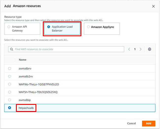 步骤三: 把我们创建的Web ACL 与步骤二创建的ALB关联起来。以使WAF防护功能生效。
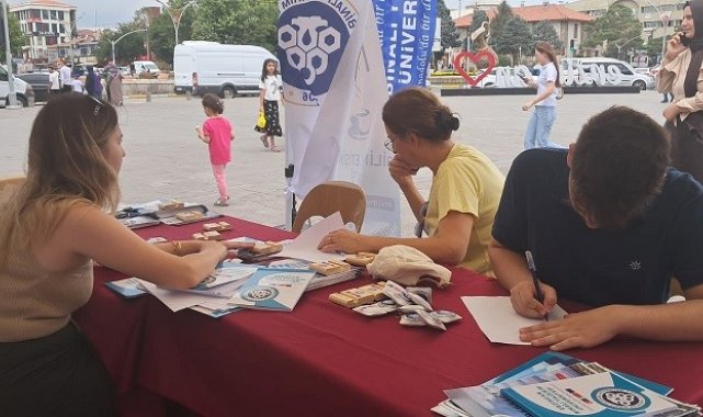 YKS tercih dönemi ile birlikte Erzincan Binali Yıldırım Üniversitesi Kurumsal İletişim Koordinatörlüğü ile Kariyer Geliştirme araştırma ve Uygulama Merkezi tarafından Dört yol Cumhuriyet Meydan'ında açılan stant da aday öğrencilere destek veriliyor.
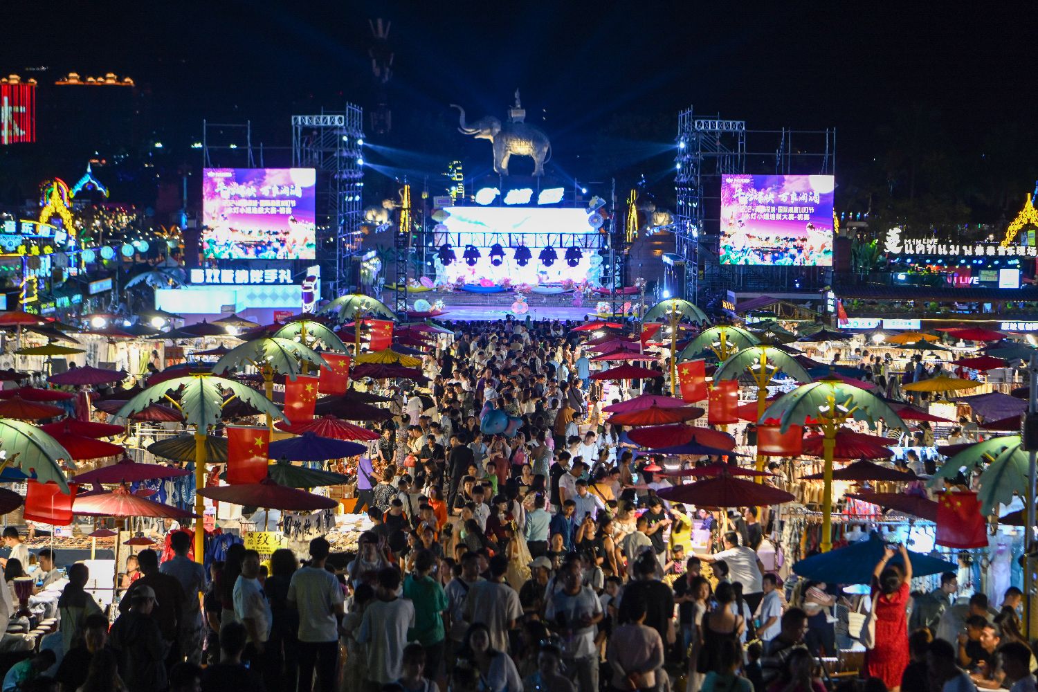 10月2日,云南省西双版纳傣族自治州景洪市告庄西双景星光夜市人气旺,各地游客旅游度假,感受民族风情。(图片来源:中新社)
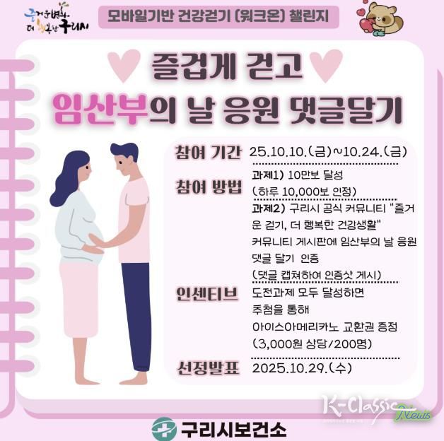 K-Classic News 기자 | 구리시는 제20회‘임산부의 날’(10월 10일)을 기념해 임신과 출산의 가치를 되새기고 시민 건강 증진을 도모하기 위한 ‘즐겁게 걷고, 임산부의 날 응원 댓글 달기’ 챌린지를 오는 10월 10일부터 24일까지 15일간 운영한다고 밝혔다.
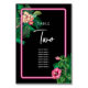 A modern yet retro themed neon pink tropical botanicals on a black background. A beautiful wedding design ideal for summer. Perfect neon pink tropical plants design featuring palm trees, pink Hibiscus flowers and Plumerias Frangipanis flowers. Black, pink, and green colors dominate this tropical pink neon design. The modern calligraphy typography contrast perfectly against the black and pink wedding themed design. A classy elegant wedding table number card design with modern simple elements. Matching wedding stationery items and other wedding invite formats are also available. Customize the number and purchase each tables number individually according to how many table numbers you need.
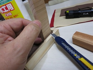 スギ材のあまりで,枠を作る。予備の単3電池をいれておく部分も考えてみた。
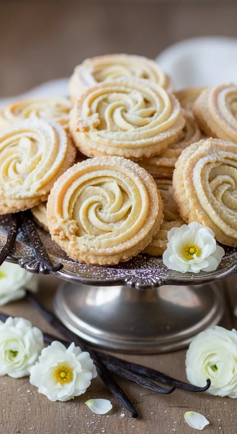Fit a piping bag with a large star tip (like Wilton 1M) and fill with dough. Pipe rosettes onto parchment-lined sheets, spacing about two inches apart. Chill piped cookies for 15 minutes—this helps them hold shape.
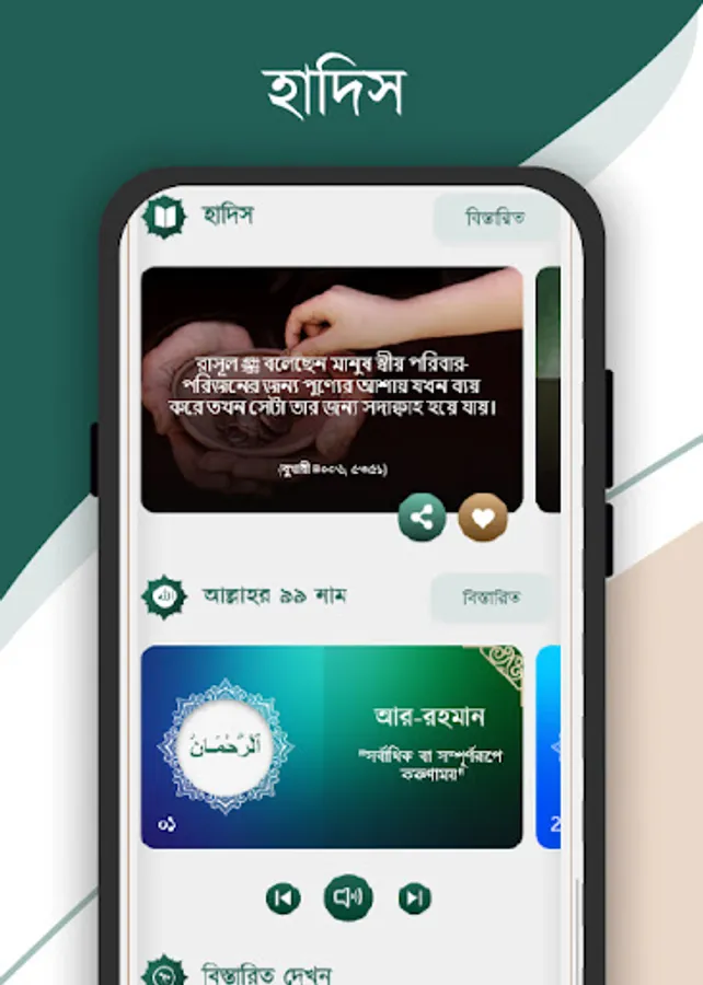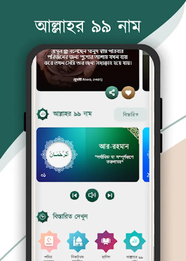 • Eilm application gives wonderful Quran sound recitations of all Surah/Verses of Al Quran with Bengali interpretations.

--- REQUIRED WORK ---
Each line of the data above must be reproduced as written. Skip the pictures.

--- REPLY ---
 步骤三: 把我们创建的Web ACL 与步骤二创建的ALB关联起来。以使WAF防护功能生效。
 YKS tercih dönemi ile birlikte Erzincan Binali Yıldırım Üniversitesi Kurumsal İletişim Koordinatörlüğü ile Kariyer Geliştirme araştırma ve Uygulama Merkezi tarafından Dört yol Cumhuriyet Meydan'ında açılan stant da aday öğrencilere destek veriliyor.
 10月2日,云南省西双版纳傣族自治州景洪市告庄西双景星光夜市人气旺,各地游客旅游度假,感受民族风情。(图片来源:中新社)
 K-Classic News 기자 | 구리시는 제20회‘임산부의 날’(10월 10일)을 기념해 임신과 출산의 가치를 되새기고 시민 건강 증진을 도모하기 위한 ‘즐겁게 걷고, 임산부의 날 응원 댓글 달기’ 챌린지를 오는 10월 10일부터 24일까지 15일간 운영한다고 밝혔다.
 A modern yet retro themed neon pink tropical botanicals on a black background. A beautiful wedding design ideal for summer. Perfect neon pink tropical plants design featuring palm trees, pink Hibiscus flowers and Plumerias Frangipanis flowers. Black, pink, and green colors dominate this tropical pink neon design. The modern calligraphy typography contrast perfectly against the black and pink wedding themed design. A classy elegant wedding table number card design with modern simple elements. Matching wedding stationery items and other wedding invite formats are also available. Customize the number and purchase each tables number individually according to how many table numbers you need.
 スギ材のあまりで,枠を作る。予備の単3電池をいれておく部分も考えてみた。
Fit a piping bag with a large star tip (like Wilton 1M) and fill with dough. Pipe rosettes onto parchment-lined sheets, spacing about two inches apart. Chill piped cookies for 15 minutes—this helps them hold shape.
 • Eilm application gives wonderful Quran sound recitations of all Surah/Verses of Al Quran with Bengali interpretations.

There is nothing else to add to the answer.